Please cite Datamol if you use it in your research: DOI.

Compatibilities

Version compatibilities are an essential topic for production-software stacks. We are cautious about documenting compatibility between datamol, python and rdkit.

See below the associated versions of Python and RDKit, for which a minor version of Datamol has been tested during its whole lifecycle.

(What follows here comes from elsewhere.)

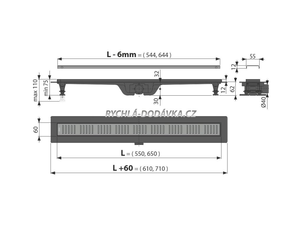 Alcadrain APZ10BLACK-550BRASS - Podlahový žlab s okrajem pro perforovaný rošt, mosaz + SLEVA 3% při použití kódu MS3 v košíku

It does not mean other combinations does not work but that those are not tested.

datamolpythonrdkit
0.12.x[3.10, 3.11][2023.03, 2023.09]
0.11.x[3.9, 3.10, 3.11][2022.09, 2023.03]
0.10.x[3.9, 3.10, 3.11][2022.03, 2022.09]
0.9.x[3.9, 3.10, 3.11][2022.03, 2022.09]
0.8.x[3.8, 3.9, 3.10][2021.09, 2022.03, 2022.09]
0.7.x[3.8, 3.9][2021.09, 2022.03]
0.6.x[3.8, 3.9][2021.09]
0.5.x[3.8, 3.9][2021.03, 2021.09]
0.4.x[3.8, 3.9][2020.09, 2021.03]
0.3.x[3.8, 3.9][2020.09, 2021.03]

CI Status

The CI runs tests and performs code quality checks for the following combinations:

main
Lib build & Testingtest
Code Sanity (linting and type analysis)code-check
Documentation Builddoc

License

Under the Apache-2.0 license. See LICENSE.